Wykupienie dostępu pozwoli Ci czytać artykuły wysokiej jakości i wspierać niezależne dziennikarstwo w wymagających dla wydawców czasach. Rośnij z nami! Pełna oferta →
Organizacje przedsiębiorców nie ustają w straszeniu opinii publicznej katastrofą ekonomiczną, jaka spadnie na Polskę wskutek pandemii. Właśnie trwa kolejny akt tego spektaklu – tym razem po ogłoszeniu przez rząd wstępnej stawki przyszłorocznej płacy minimalnej.

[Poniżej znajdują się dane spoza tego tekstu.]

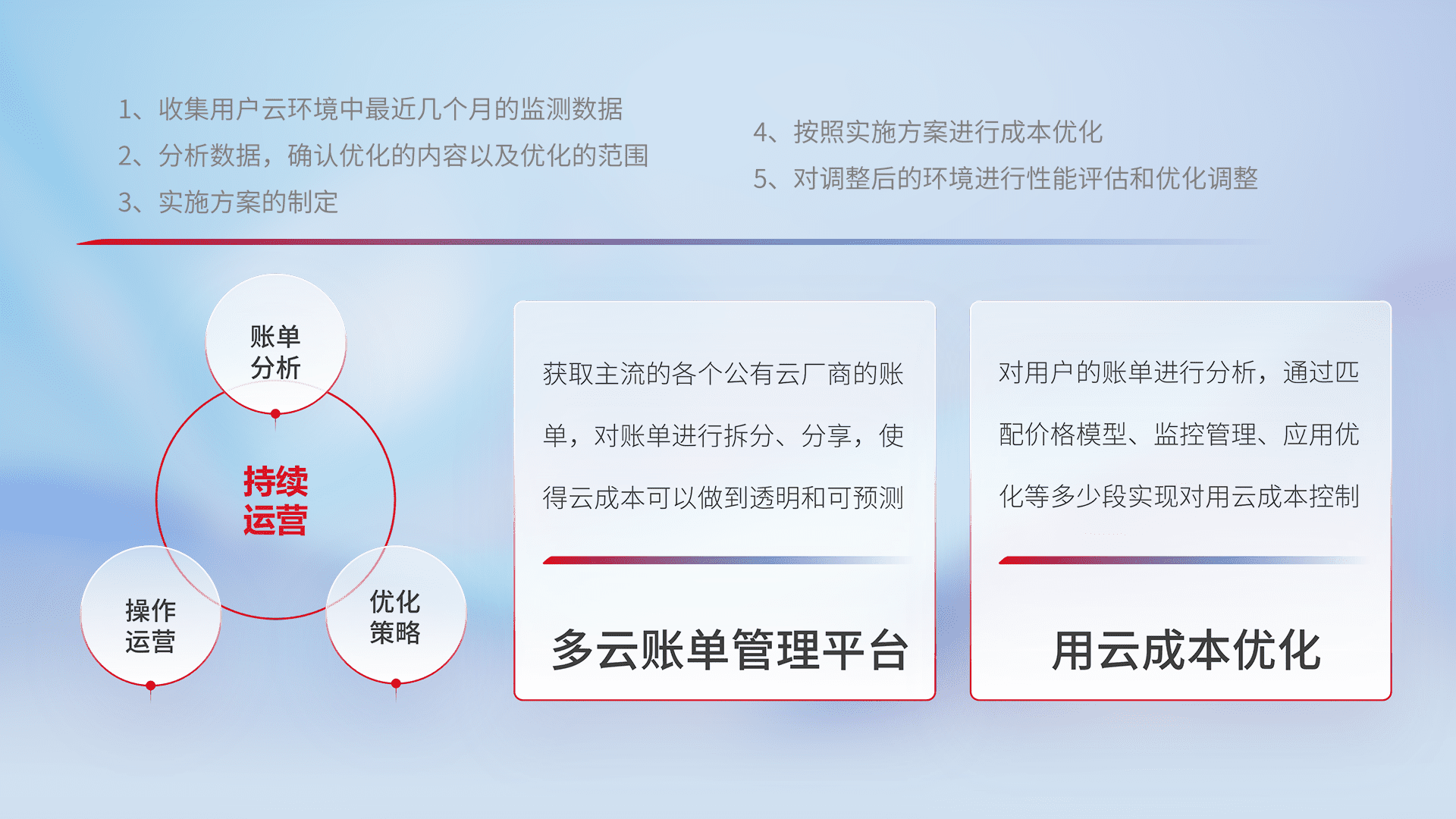 通过多云纳管,,以统一的资源数据模型把客户的云资源进行抽象和封装,,进而实现对多云资源的统一操作,,,保障云资源管理的可靠性、、稳定性与可用性。。。。量身定制化运维内容,,,配置、、、、开发运维、、、、补丁管理、、、、备份、、、监控、、认证和访问管理、、审计和日常巡检等,,保障在用云过程中的可靠度,,稳定度以及高可用率。。。
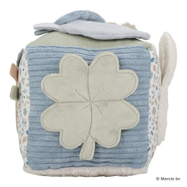 ラッキーリーブスデザインのキューブトイ。ふわふわなので、お子さんが遊んでも安心です。

Wysokość płacy minimalnej przekłada się nie tylko na pensje milionów najsłabiej wynagradzanych pracowników, ale też obciążenie składkami na ZUS ludzi prowadzących działalność gospodarczą. Kiedy więc rząd zaproponował w ramach konsultacji społecznych, że pensja minimalna od stycznia wzrośnie z 2,6 do 2,8 tys. zł brutto (o 200 zł mniej, niż planowano na początku roku), ze strony lobbystów organizacji biznesowych popłynęły ostrzeżenia przed falą kilkunastoprocentowego bezrobocia, jaką wzbudzi decyzja rządu. Przedsiębiorcy domagają się utrzymania stawki na tegorocznym poziomie, w ostateczności – podwyżki o tzw. mechanizm ustawowy do 2716 zł brutto.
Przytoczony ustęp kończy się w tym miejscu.